Listen to your community, but don't let them tell you what to do - mgrouchy
http://www.codinghorror.com/blog/2012/02/listen-to-your-community-but-dont-let-them-tell-you-what-to-do.html

======
jgarmon
Also, not all community members are created equal.

I used to be a mod/product lead for a major IT community forum. We had a group
of 300 or so hardcore posters (which the ad team referred to as "inventory
builders") who we took behind the curtain and showed our prototypes before we
released them. They often had some interesting feedback, but we quickly fell
into a strange trap:

The changes the hardcore users wanted didn't drive usage -- posting or reading
-- when we implemented them.

These guys were already spending every damn spare moment posting in our forum,
so they had no more to give and all the esoteric bells and whistles (segmented
follow lists, advanced karma scoring, multi-tiered private messaging) they
wanted were completely irrelevant to the casual user.

When we shifted to testing changes that drove casual usage, we saw much better
results. The hardcore group wasn't against it, generally, except for those
petty few who saw the forum as their private playground and didn't like the
riff raff wandering in to post. They were just dumbfounded as to why we were
wasting time on these "beginner" features.

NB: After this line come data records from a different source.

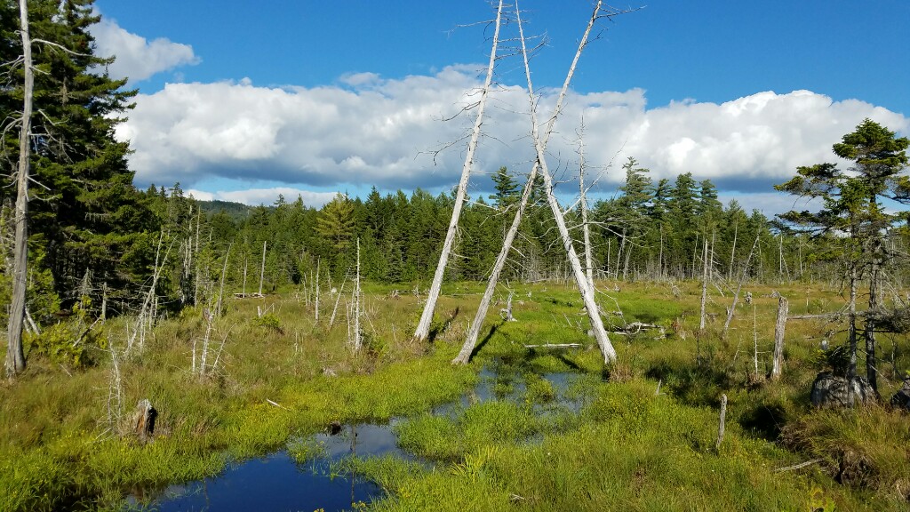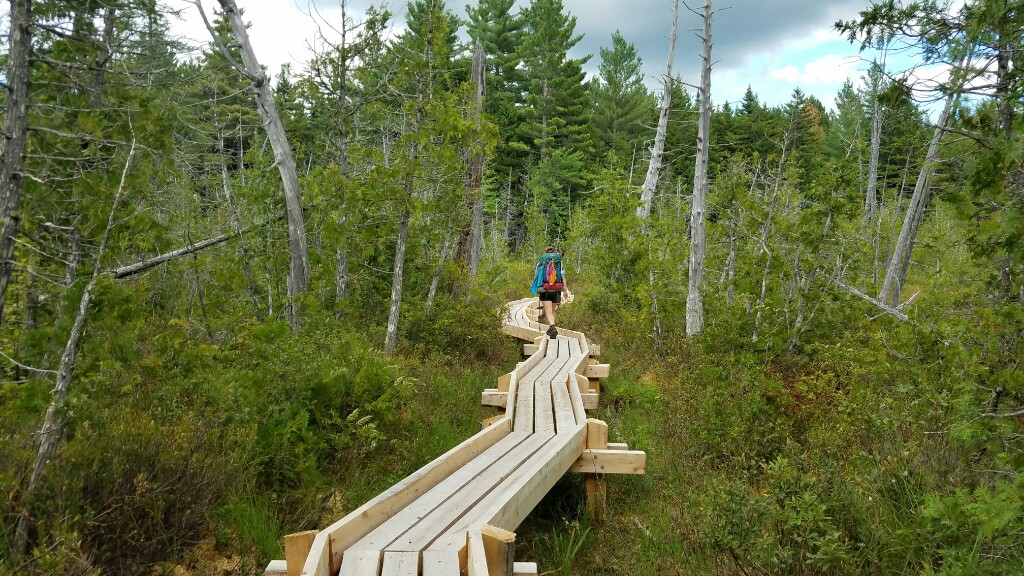 We killed it today… just under 23 miles by 6pm. The trail started off with some ups and downs around Bigelow Junior, but then we descended down into a valley, and most of the day was spent walking along ponds and lakes. It was a cooler day, and pretty windy, so windy that the ponds had waves with white caps, but it was mostly sunny all day. It ended up getting warm enough for us to wade into one of the ponds at lunchtime to cool off a bit. We’re camped out next to Pierce Pond Lean-to, right next to the water tonight. It’s one of the more pretty spots we’ve had on the whole trail.
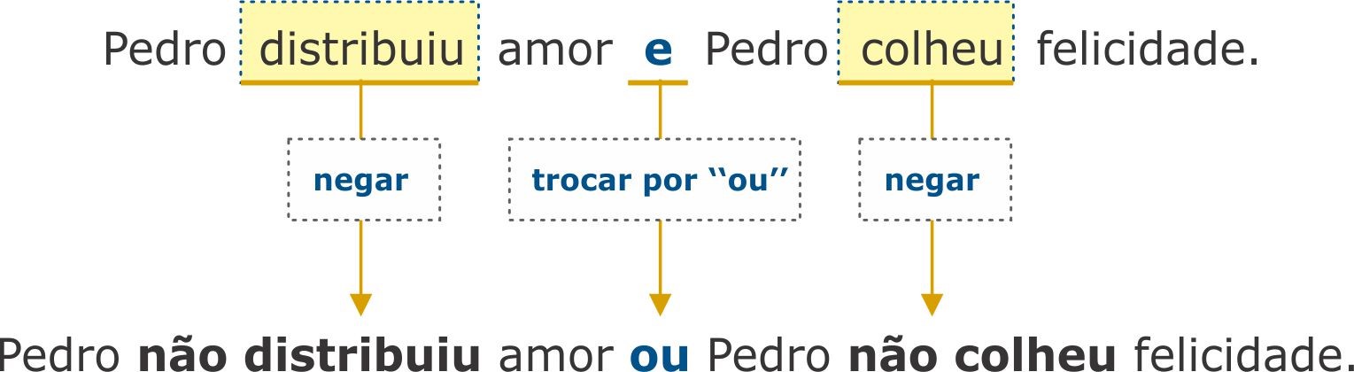Questão clássica na qual buscamos proposição equivalente para a negação para “Pedro distribuiu amor e Pedro colheu felicidade”. Para negá-la, trocamos o conectivo por “ou” e negamos as proposições “Pedro distribuiu amor” e “Pedro colheu felicidade”. Vejam como fica:
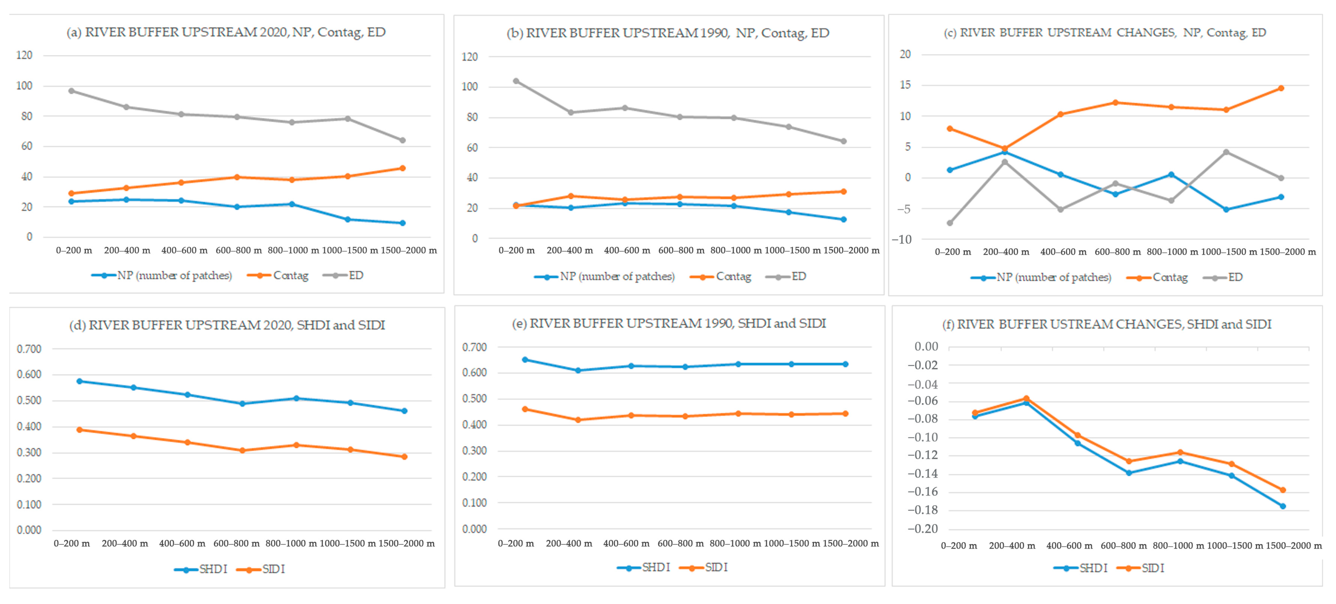 In the upstream area, the NP was high in the 0 to 600 m river buffer in both 1990 and 2020, with the greatest change occurring within the 200–400 m zone. The high ED in this area indicates low connectivity. Additionally, the diversity index showed a decline in the 200–400 m buffer in 1990, and a more consistent decrease with distance from the river in 2020.
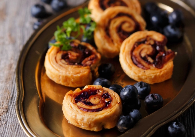 ブルーベリーは、生地にブルーベリージャム・ドライクランベリー・ピーカンナッツを巻き込
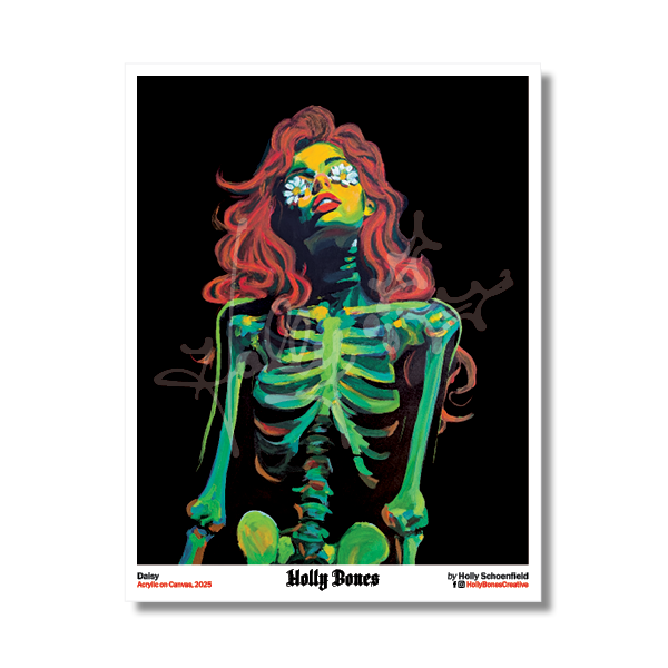This is an 8” x 10” open edition giclée print of “Daisy” by Holly Bones.
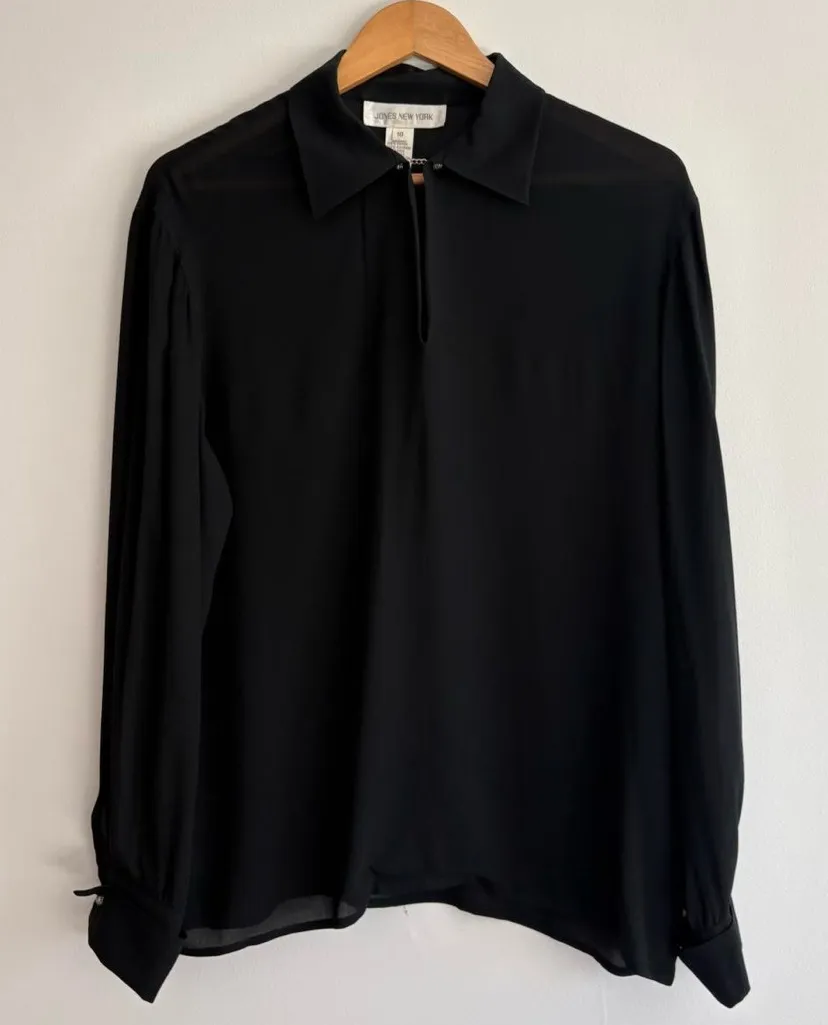Vintage 90s Jones New York whimsigoth black sheet long sleeve collared top Size 10 21.5” pit to pit... Show more
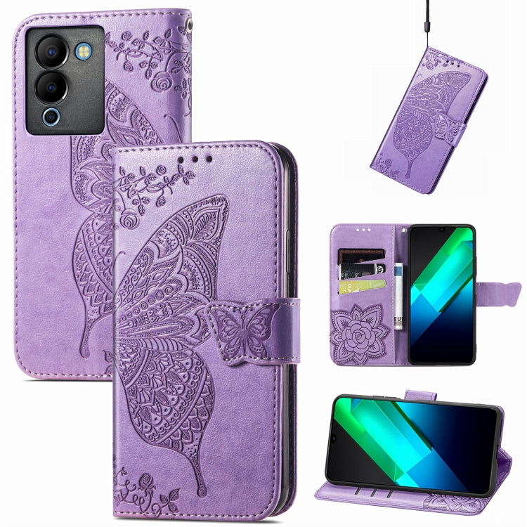 Estuche para Infinix Note 12 G96 Butterfly Love Flower de Cuero en Relieve (Lavanda)
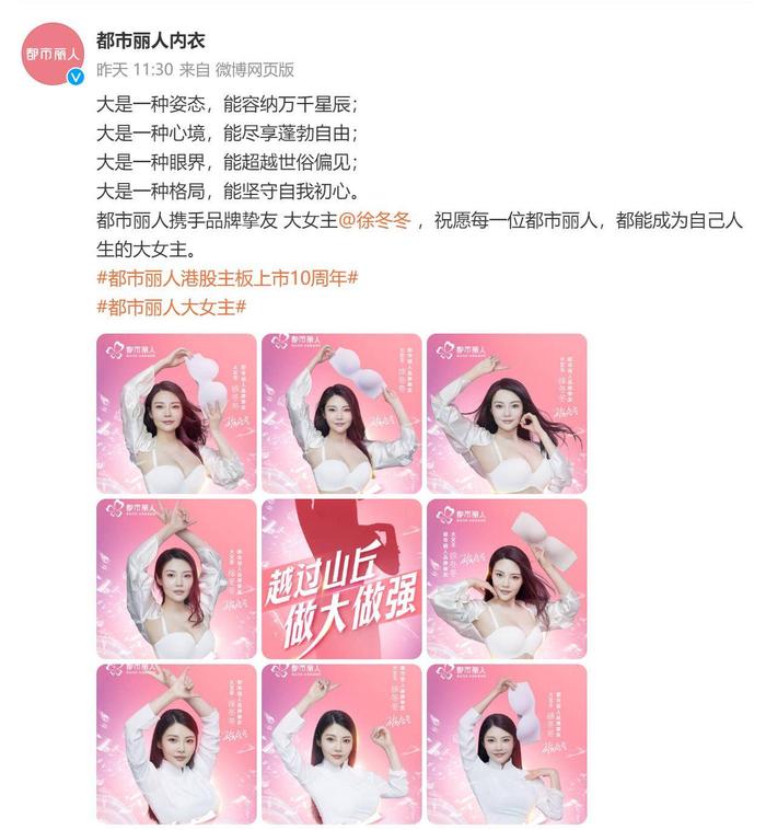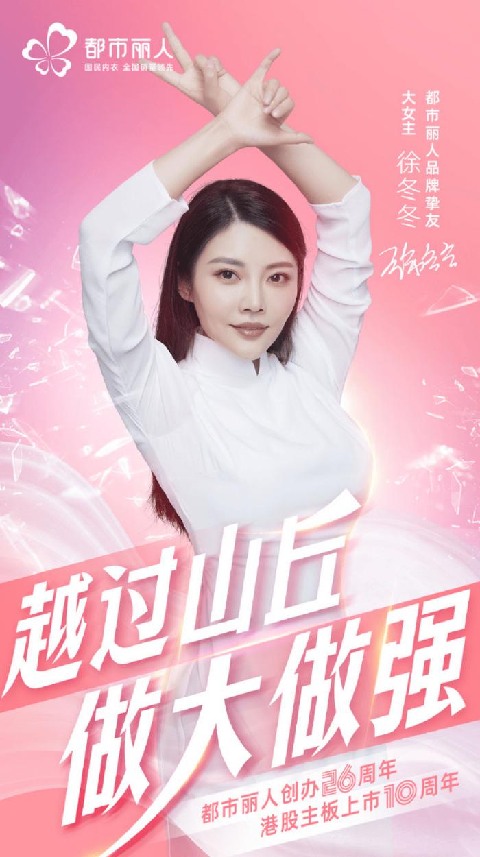 今年是都市丽人创办的第26周年,港股主板上市10周年,在这个特殊的时刻,都市丽人将欣赏和信赖的目光放在徐冬冬的身上,足可见得品牌对于徐冬冬的认可和喜爱。在品牌官宣当日,都市丽人发布了徐冬冬的“大女主”代言写真,写真中,徐冬冬以简约自信的形象展示着女性的自在与舒适,气场全开的她与品牌语言和气质契合度超高。

You don't want to alienate the devoted userbase, but data -- not anecdotal
feedback -- is what should guide your decisions.

------
aymeric
Recently I deployed a new design for my web app that I thought was much better
than the previous.

A few of my users complained and I decided to rollback the changes. Nobody has
complained about the rollback but I still believe the new design was better.

I find it hard to know how to decide when to push further against the
community sentiment. Facebook has done that countless times and it has worked
for them.

I guess this is where the founder's vision comes into play.

How do you decide what to keep and what to ignore?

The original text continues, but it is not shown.